The Society of Certified Engineering Technicians and Technologists of Nova Scotia
- Founded: 1967
- Focus: Certification of engineering technicians and technologists
- Location: 202 Brownlow Avenue, Suite 308, Dartmouth, Nova Scotia;
- Region served: Nova Scotia
- Method: National Technology Benchmarks
- Affiliations: Canadian Council of Technicians and Technologists
- Website: technova.ca

= The Society of Certified Engineering Technicians and Technologists of Nova Scotia =

Engineering organization of Canada

The Society of Certified Engineering Technicians and Technologists of Nova Scotia, also called TechNova Certified Technology Professionals, is Nova Scotia's independent certifying body for engineering/applied science technicians and technologists.

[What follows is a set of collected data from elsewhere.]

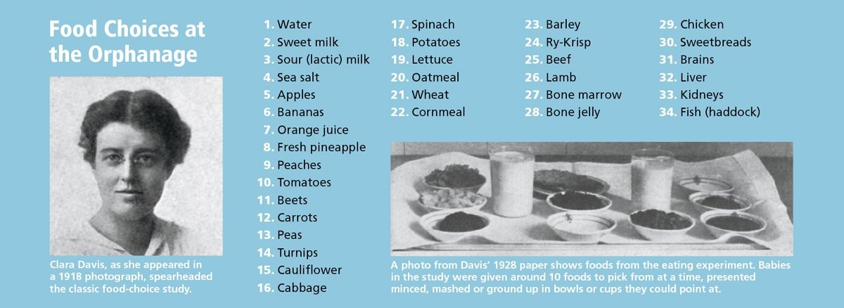 В начале XX века Клара Девис проводила уникальный эксперимент, который оставил заметный след в области детского питания и естественного выбора еды у младенцев. Исследование растянулось на 3-4 года и до сих пор не имело аналогов, пишет Сайт психологов b17.ru.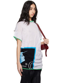Semi-sheer and crinkled knit cotton-blend T-shirt. Metallic thread detailing throughout. · Asymmetrical construction · Rib-knit trim at mock neck, hem, and cuffs · Intarsia graphic at front · Dropped shoulder · Cap sleeves Supplier color: Star white/Night scape intarsia Body 1: 72% cotton, 28% metalized fibre. Body 2: 83% viscose, 17% polyester. Made in Italy 251985F096001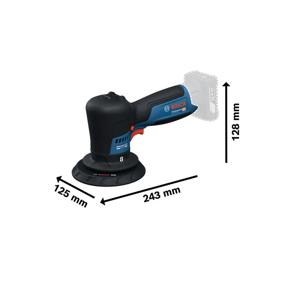 Bosch - GPX 12V-125 Στιλβωτής Μπαταρίας 12V Li-Ion Brushless - Χωρίς Μπαταρία & Φορτιστή (Solo)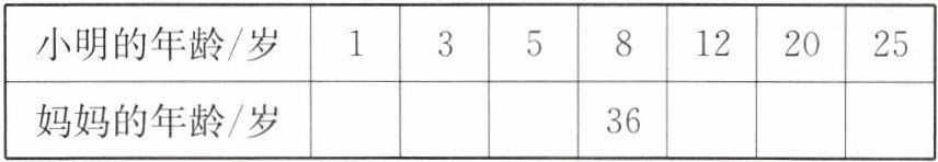 3. 今年小明8岁,妈妈36岁,根据这个信息把表格填写完整。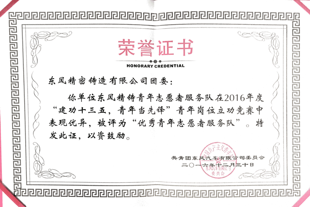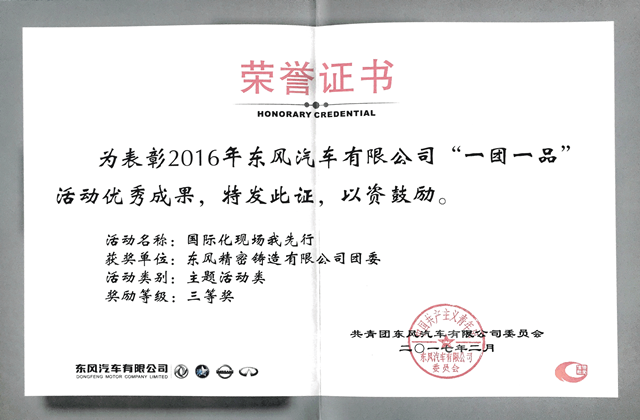2016年度,東風(fēng)精鑄團(tuán)委積極開展“一團(tuán)一品”創(chuàng)建活動(dòng),經(jīng)年初立項(xiàng)、過程實(shí)施、成果總結(jié)、申報(bào)及上級(jí)單位評(píng)定等環(huán)節(jié),東風(fēng)精鑄團(tuán)委“國(guó)際化現(xiàn)場(chǎng)我先行”主題活動(dòng)榮獲東風(fēng)汽車有限公司“一團(tuán)一品”三等獎(jiǎng)。并且在2016年度“建功十三五,青年當(dāng)先鋒”青年崗位立功競(jìng)賽活動(dòng)中,東風(fēng)精鑄團(tuán)委帶領(lǐng)團(tuán)員青年立足崗位、積極作為、勇于擔(dān)當(dāng),被評(píng)為“東風(fēng)汽車有限公司優(yōu)秀青年志愿者服務(wù)隊(duì)”及 “東風(fēng)汽車公司優(yōu)秀青年志愿者服務(wù)隊(duì)”。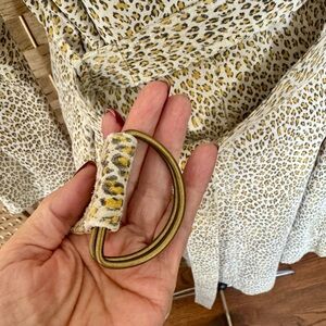 Super cool style w/ a nod to 70s. 100% sanded leather / nubuck in a mustard and black animal print on a beige background—such a fun neutral. I love nubuck; the more you wear it, the softer and more luxurious it gets. Button front, lapels, D-ring belt. Lined w/ cream poly. Kind of in between an overcoat and a car coat—warm but relatively lightweight, perfect for spring and fall. I’ve had this coat forever, but it’s still in beautiful condition w/ no noticeable issues—no stains, spots, tears, etc. It’s never even been broken in, and that’s a shame—it’s too cool to be stuck in a dark closet. Size XL.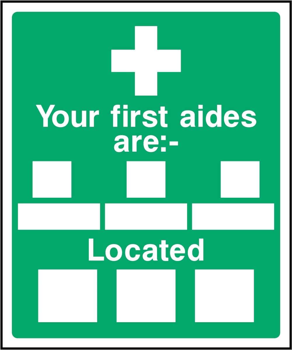 This green and white sign makes sure that all stakeholders are aware of who the first aides are and their locations.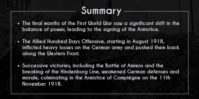 In the final months of the First World War, the tide of the conflict shifted dramatically, marking the beginning of the end for the Central Powers and ultimately leading to the signing of the Armistice.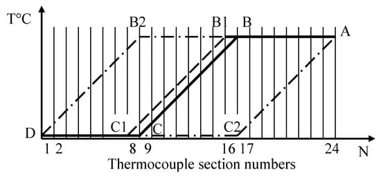 At the second stage, we calculate the deviation of the CF of chromel and alumel TC legs from the nominal one after the change in the temperature field from A, B, C, D to A, B1, C1, D, that is, when (the temperatures of the TC sections from 8 to 16 were changed, and the temperatures of all other sections remain constant). We can calculate the deviation and according to (3), by plugging the corresponding value in (4) and (5), respectively. According to the definition given above, the difference in the deviations of the CFs of the chromel and alumel TC legs from the nominal one, obtained at the first and second stages (i.e., before and after the change in temperature field), is equal to the error due to thermoelectric inhomogeneity acquired during operation.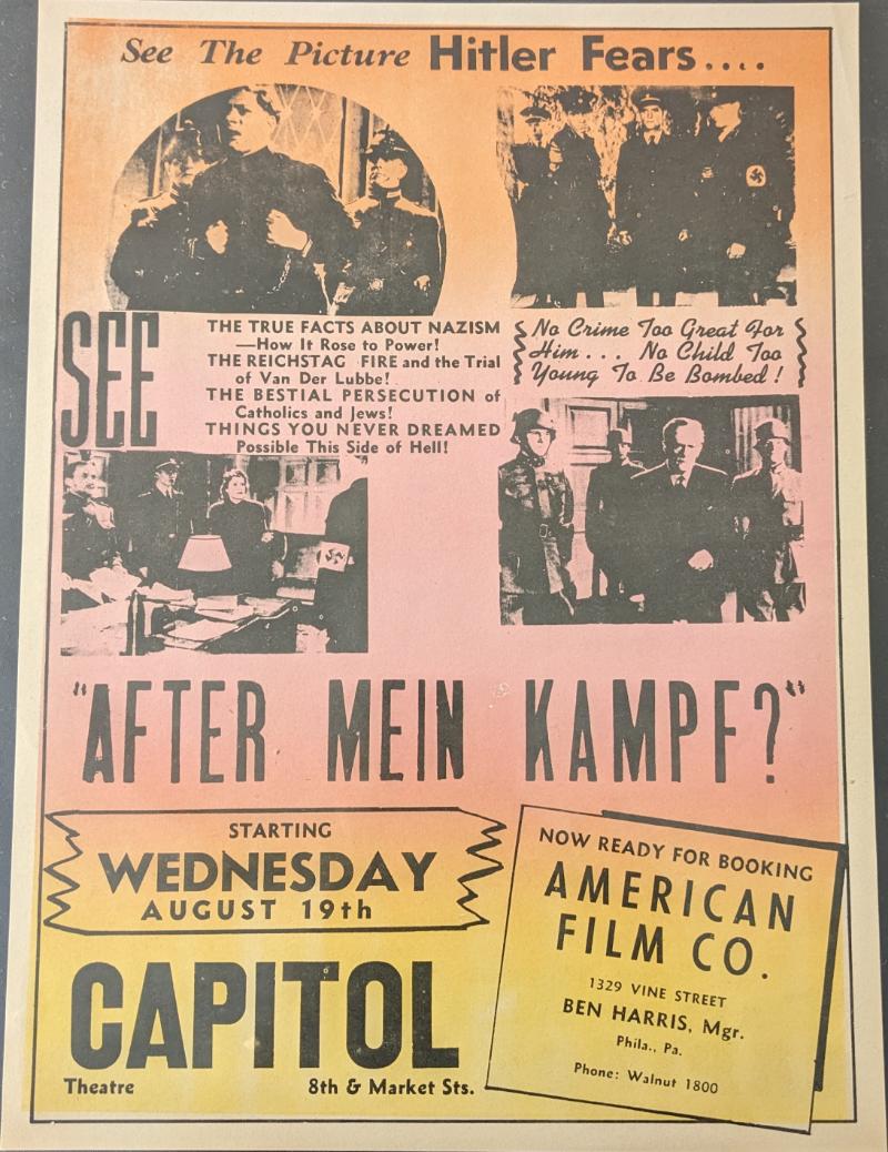 GERMANY Collection in Lindner binder, 1930s German film ephemera, incl small adverts from theaters, promo cards of movie stars or films, often w/ name of theater stamped on back; newspaper articles (Illustrierte Presse), Leni Riefenstahl autographed period PPC of her, and modern signed photograph; several items on her film "Olympia"; several issues of "Illustrierter Film-Kurier"; Very interesting material, gen F-VF+ (Image)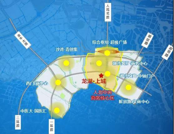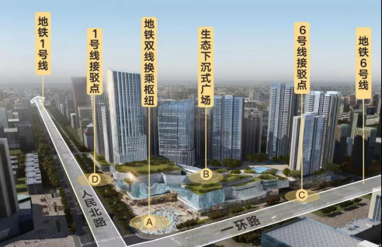 人北中央商务区作为成都发展早、区位优、集约度高、基础设施完备的中心商务商贸区,其功能形象定位为——“综合枢纽超级广场、城市客厅商务中心、都市之窗中轴门户”。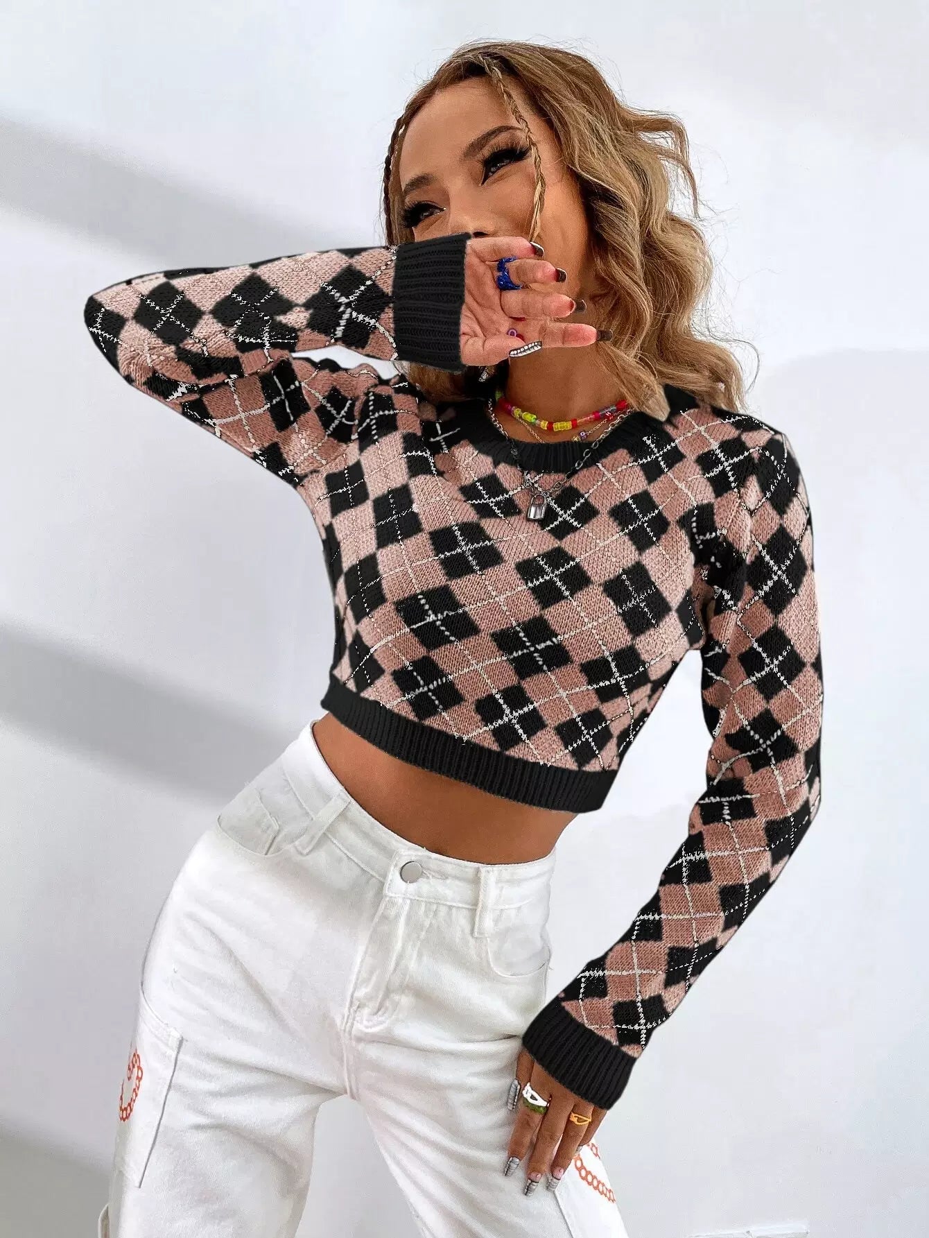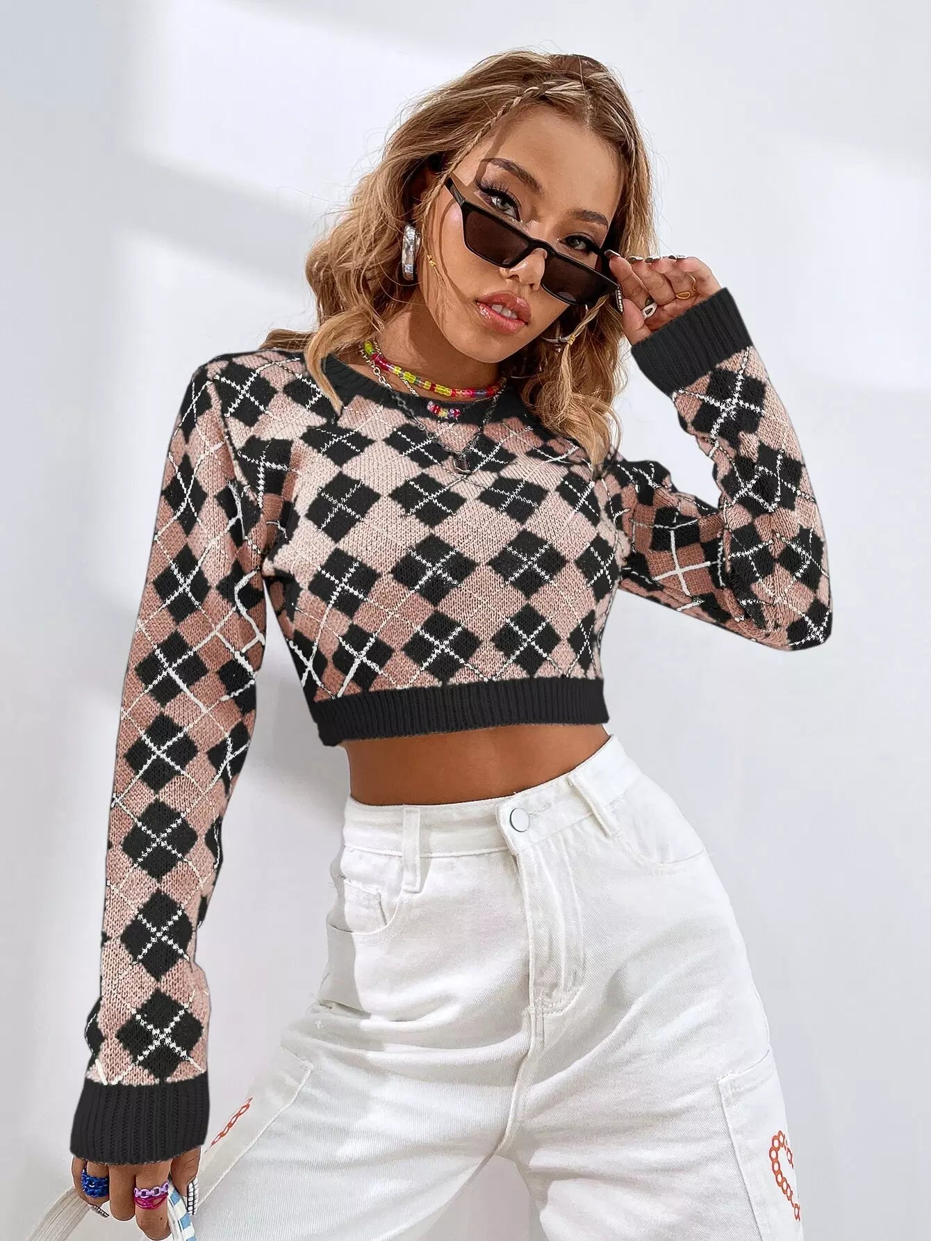 Argyle Pattern Crop Sweater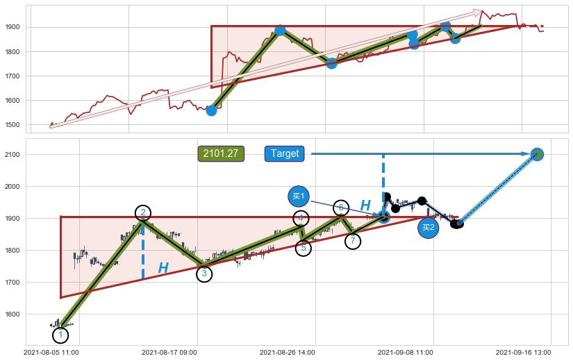 ➣ AI预测: 假定反转启动后, 第❶目标位置(11-01:13, 1734.04)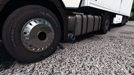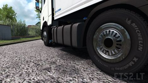 The modification adds to the game elegant chrome wheel caps with rectangular-rounded slots, suitable for installation on the wheels of both tractor and semi-trailer.
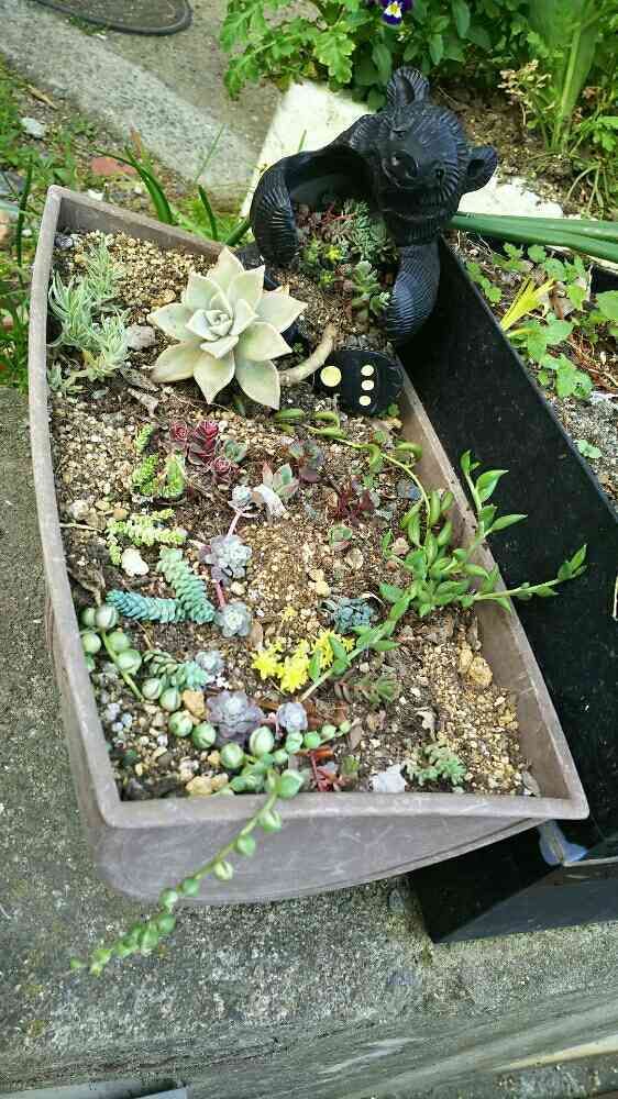 父さんが1本だけ暴れ多肉ちゃん植えてたので家に居るセダムなんかを持ってきて挿し込み😁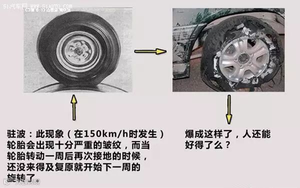 会导致什么后果?在这种状态下,驻波的这部分花纹受到剧烈的摩擦而急剧升温,不久就引起胎面橡胶从内部胎体剥落,从而导致高速爆胎!从发生驻波现象到爆胎,开车的人不会有任何感觉和预兆。不像漏个气,方向跑偏什么的,这是高速上独有的致命的现象,而事故后人们都只是简单的归纳说是爆胎。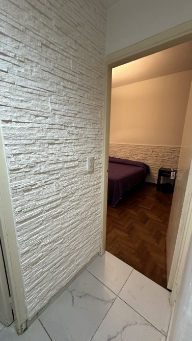 Cuenta con dos amplios dormitorios con pisos de parquet y placares empotrados, baño completo de generosas dimensiones y un luminoso living comedor con cocina integrada, con pisos en porcelanato y paredes en yeso.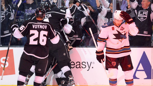 In the opening minutes, he landed big hits on Galiardi and James Sheppard, and the Kings followed his lead with a physical, grinding effort that negated the Sharks’ speed and skill. Los Angeles also raised its game on faceoffs, winning more than 50 per cent for the first time in a series dominated by Joe Thornton in the circle.

TechNova confers the post-nominal designations of C.Tech. (certified technician), and A.Sc.T. (Applied science technologist) which are symbols of achievement in engineering/applied science technology and are legally protected for use only by fully certified members in good standing. The designations are recognized across Canada by many employers and other engineering professionals through the efforts of provincial associations that make up the Canadian Council of Technicians and Technologists (CCTT). Through CCTT being a signatory, TechNova Certified Technology Professionals recognizes international transferability through the Sydney Accord, the Dublin Accord and the Engineering Technologist Mobility Forum, which confers the ability to award the designation IntET(Canada) for Technologists who wish to work internationally.

The Society of Certified Engineering Technicians and Technologists of Nova Scotia, was established in 1967. Today, they identify themselves with the name TechNova Certified Technology Professionals.

Certified engineering technologists are bound by a specific code of ethics and rules of professional conduct.

The society is mandated and empowered by the Applied Science Technology Act of Nova Scotia.